DATA UNDER STUDY =
■ ■ ■ ■ ■ ■ ■

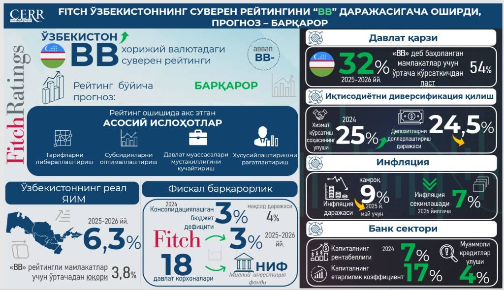Fitch Ratings халқаро рейтинг агентлиги Ўзбекистон Республикасининг хорижий валютадаги узоқ муддатли дефолт рейтингини (IDR) “BB-” дан бир поғона юқорига “BB” даражасига кўтарди. Рейтинг прогнози “Барқарор” деб белгиланди.
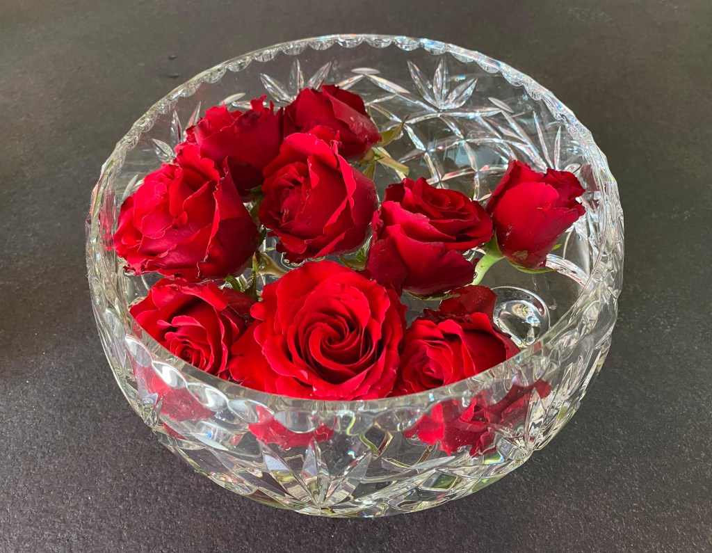 De nio röda rosorna flyter så vackert i en kristallskål och sprider glädje här inne.
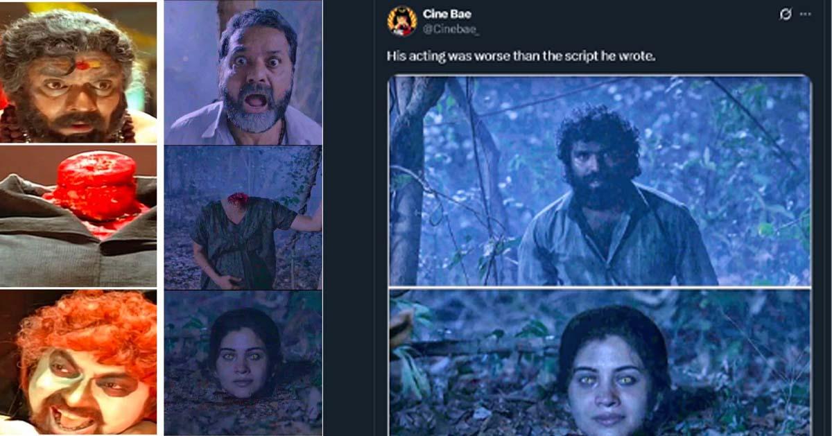 ‘മോളേ നീ ഇവിടെ നില്‍ക്കുവാണോ, നിനക്ക് പ്രസവിക്കണ്ടേ’ എന്ന് ചോദിച്ച് ദീപയുടെ അടുത്തെത്തുന്ന വിജയന്‍ കാണുന്നത് മകളുടെ തലയില്ലാത്ത ശരീരമാണ്. ഇത് കണ്ട് പേടിക്കുന്ന സീനിന്റെ മീം ഇതിനോടകം വൈറലായിരിക്കുകയാണ്. ഇത്രയും മോശം ഡയലോഗ് എഴുതിയ അഭിലാഷ് പിള്ളയും എയറിലാണ്. ചതിക്കാത്ത ചന്തുവിന്റെ ക്ലൈമാക്‌സില്‍ ലാലിന്റെ കഥാപാത്രം ജഗതി ശ്രീകുമാറിന്റെ മന്ത്രവാദിയെ പേടിപ്പിക്കാന്‍ കെട്ടിയ വേഷവും സുമതി വളവിലെ സീനും മിക്‌സ് ചെയ്തുള്ള മീമും വൈറലാണ്.
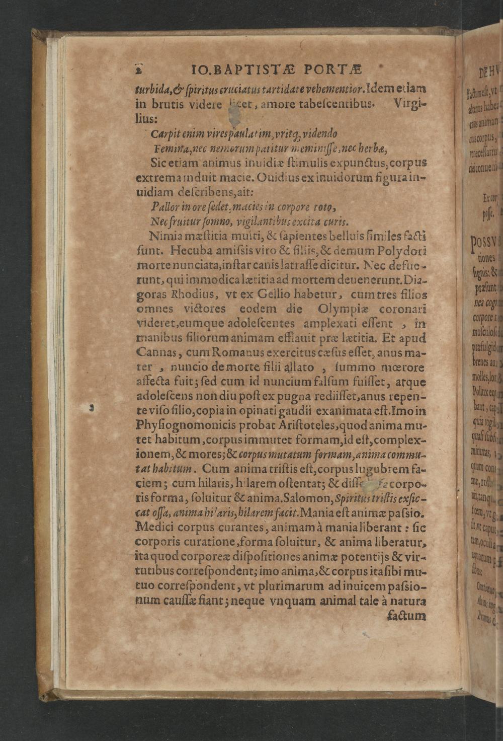 De Hvmana Physiognomonia Joannis Baptistæ Portæ Neapolitani. Libri IV : Qvi ab extimis, quæ in hominum corporibus conspiciuntur signis, ita eorum naturas, mores & consilia (egregijs ad viuum expressis Iconibvs) demonstrant, vt intimos animi recessus penetrare videantur : Omnibus omnium ordinum studiosis lectu utiles, maximeque iucundi : Cum dublici Rerum & Verborum Indice longè locupletißimo. / Ioannis Baptistæ Portæ Neapolitani
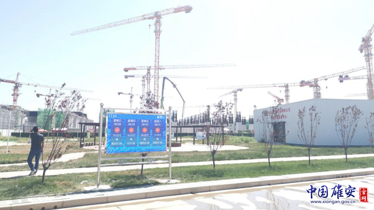 2019年,新区各项重点工程都在紧张有序推进,到处呈现出一派繁忙景象。在京雄高铁雄安站施工现场,一切工作井然有序。项目工地的出入口旁边,悄然树立起一个小型气象观测站,一块彩色的LED大屏实时显示着施工现场的气温、风向风速等气象数据,以及未来三至七天的最新天气预报。当预报未来会有6级以上大风或者35摄氏度以上高温天气发生时,大屏还会以闪烁的方式进行预警,提醒施工人员采取避险防灾措施。这是雄安新区气象局在该工地建设的气象服务系统。

■ ■ ■ ■ ■ ■ ■

EXERCISE DETAILS =
Nothing but the lines from the one that contains "ചെയ്തുള്ള മീമും വൈറലാണ്." through the end of the material above is to be reproduced, exactly and without pictures.

ANSWER TO THIS PROBLEM =
 ‘മോളേ നീ ഇവിടെ നില്‍ക്കുവാണോ, നിനക്ക് പ്രസവിക്കണ്ടേ’ എന്ന് ചോദിച്ച് ദീപയുടെ അടുത്തെത്തുന്ന വിജയന്‍ കാണുന്നത് മകളുടെ തലയില്ലാത്ത ശരീരമാണ്. ഇത് കണ്ട് പേടിക്കുന്ന സീനിന്റെ മീം ഇതിനോടകം വൈറലായിരിക്കുകയാണ്. ഇത്രയും മോശം ഡയലോഗ് എഴുതിയ അഭിലാഷ് പിള്ളയും എയറിലാണ്. ചതിക്കാത്ത ചന്തുവിന്റെ ക്ലൈമാക്‌സില്‍ ലാലിന്റെ കഥാപാത്രം ജഗതി ശ്രീകുമാറിന്റെ മന്ത്രവാദിയെ പേടിപ്പിക്കാന്‍ കെട്ടിയ വേഷവും സുമതി വളവിലെ സീനും മിക്‌സ് ചെയ്തുള്ള മീമും വൈറലാണ്.
 De Hvmana Physiognomonia Joannis Baptistæ Portæ Neapolitani. Libri IV : Qvi ab extimis, quæ in hominum corporibus conspiciuntur signis, ita eorum naturas, mores & consilia (egregijs ad viuum expressis Iconibvs) demonstrant, vt intimos animi recessus penetrare videantur : Omnibus omnium ordinum studiosis lectu utiles, maximeque iucundi : Cum dublici Rerum & Verborum Indice longè locupletißimo. / Ioannis Baptistæ Portæ Neapolitani
 2019年,新区各项重点工程都在紧张有序推进,到处呈现出一派繁忙景象。在京雄高铁雄安站施工现场,一切工作井然有序。项目工地的出入口旁边,悄然树立起一个小型气象观测站,一块彩色的LED大屏实时显示着施工现场的气温、风向风速等气象数据,以及未来三至七天的最新天气预报。当预报未来会有6级以上大风或者35摄氏度以上高温天气发生时,大屏还会以闪烁的方式进行预警,提醒施工人员采取避险防灾措施。这是雄安新区气象局在该工地建设的气象服务系统。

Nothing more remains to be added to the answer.